[Opening INPUT DATA section]

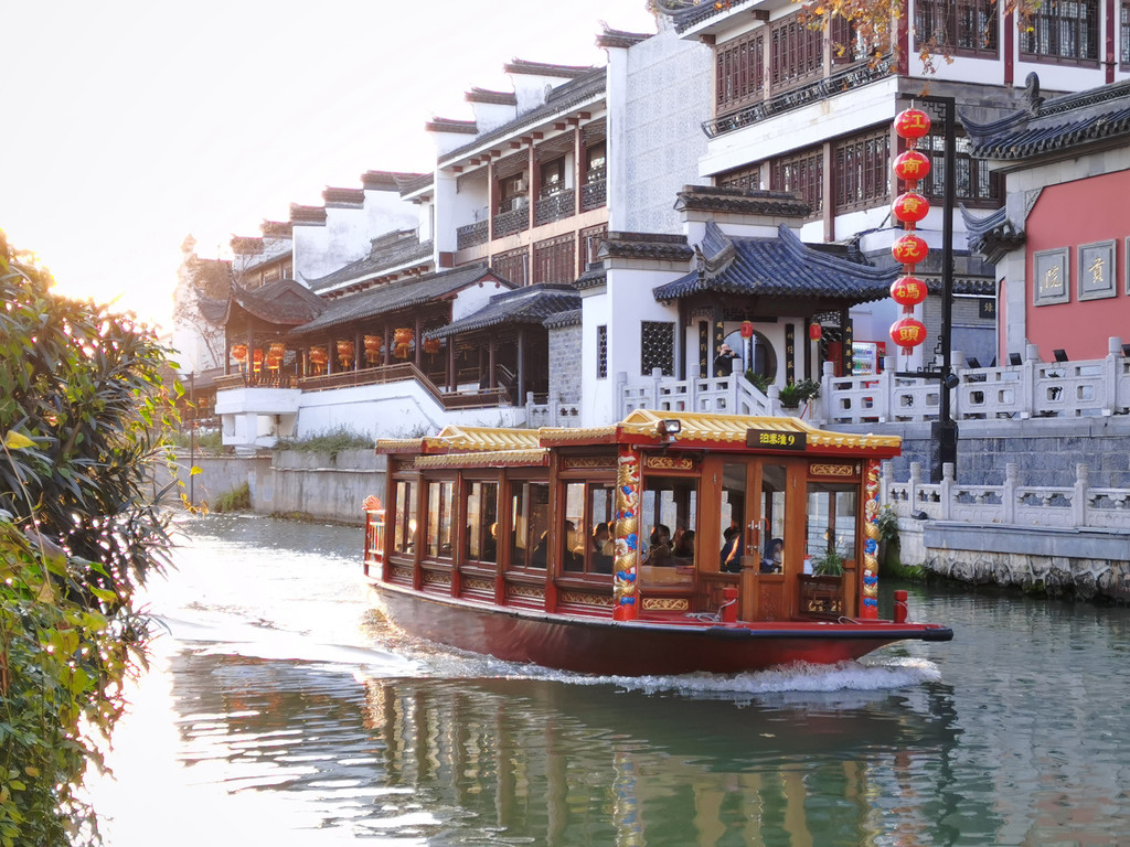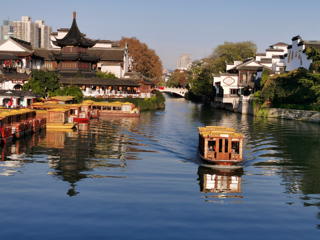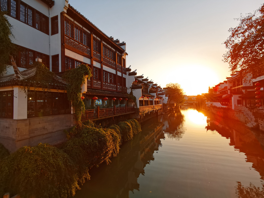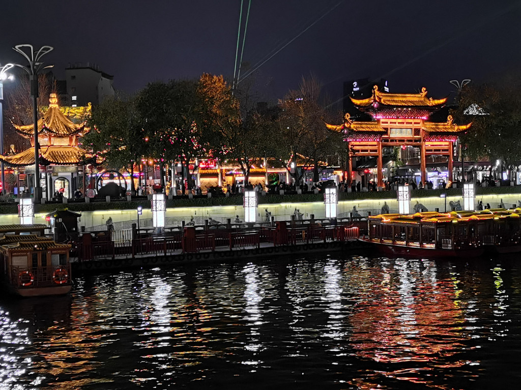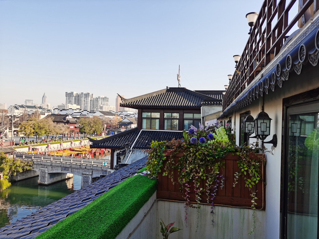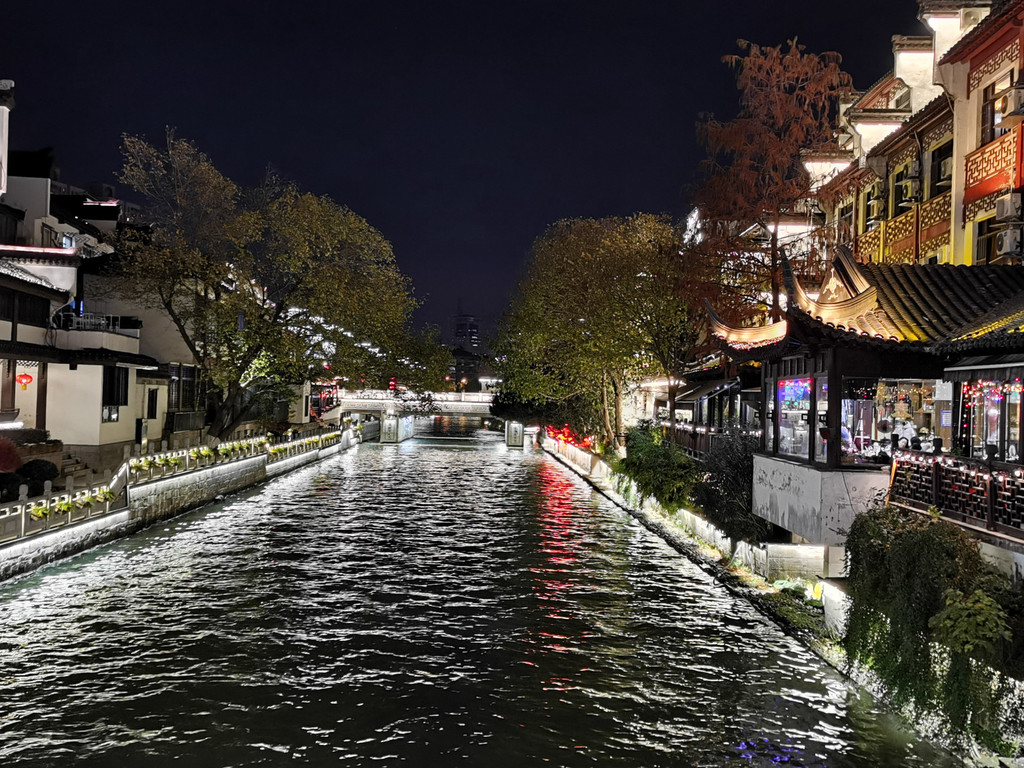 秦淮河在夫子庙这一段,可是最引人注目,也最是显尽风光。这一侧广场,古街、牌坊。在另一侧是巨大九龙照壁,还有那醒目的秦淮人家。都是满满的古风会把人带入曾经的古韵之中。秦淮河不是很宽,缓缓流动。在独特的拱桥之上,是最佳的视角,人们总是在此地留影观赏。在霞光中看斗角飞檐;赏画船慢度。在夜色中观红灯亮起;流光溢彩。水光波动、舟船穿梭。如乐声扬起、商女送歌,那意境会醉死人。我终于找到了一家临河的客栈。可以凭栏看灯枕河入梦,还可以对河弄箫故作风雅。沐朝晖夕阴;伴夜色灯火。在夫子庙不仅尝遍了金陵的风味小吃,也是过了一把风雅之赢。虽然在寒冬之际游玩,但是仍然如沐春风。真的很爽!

[Closing INPUT DATA section]
[Opening INPUT DATA section]

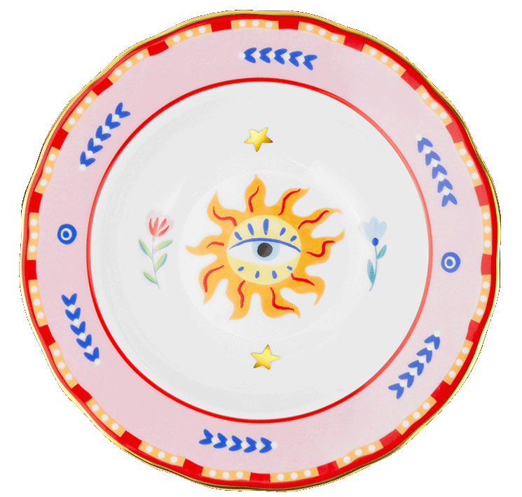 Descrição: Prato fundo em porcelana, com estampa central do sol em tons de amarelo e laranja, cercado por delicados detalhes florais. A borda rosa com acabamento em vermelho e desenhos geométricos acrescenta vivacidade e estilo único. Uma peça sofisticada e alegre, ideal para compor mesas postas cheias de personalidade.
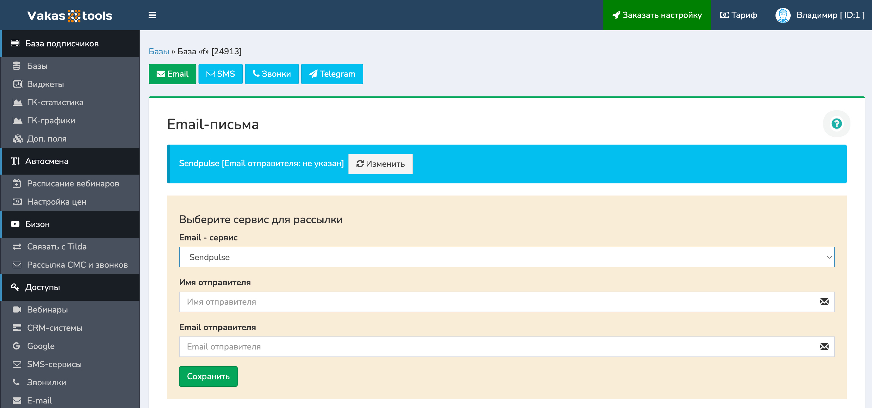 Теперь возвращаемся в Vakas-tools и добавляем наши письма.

[Closing INPUT DATA section]
[Opening INPUT DATA section]

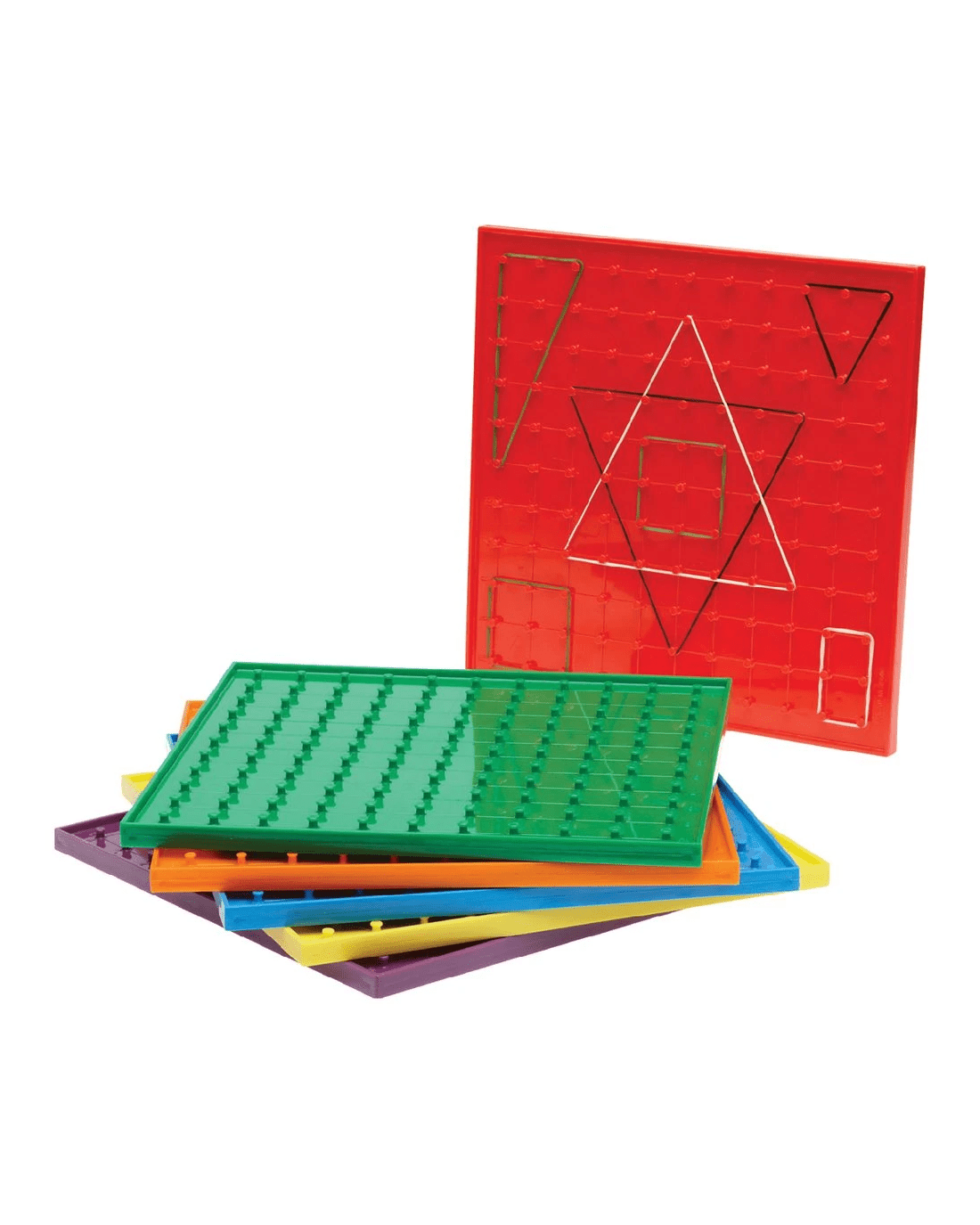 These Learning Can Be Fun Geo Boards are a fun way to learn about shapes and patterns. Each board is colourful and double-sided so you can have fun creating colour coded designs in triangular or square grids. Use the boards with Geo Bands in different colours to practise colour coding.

[Closing INPUT DATA section]

WORK TO COMPLETE
In the listing above, find the line with "Descrição: Prato fundo" and output it and every line after it up to and including the line with "Теперь возвращаемся в", exactly, minus the pictures.

ANSWER SPACE
 Descrição: Prato fundo em porcelana, com estampa central do sol em tons de amarelo e laranja, cercado por delicados detalhes florais. A borda rosa com acabamento em vermelho e desenhos geométricos acrescenta vivacidade e estilo único. Uma peça sofisticada e alegre, ideal para compor mesas postas cheias de personalidade.
 Теперь возвращаемся в Vakas-tools и добавляем наши письма.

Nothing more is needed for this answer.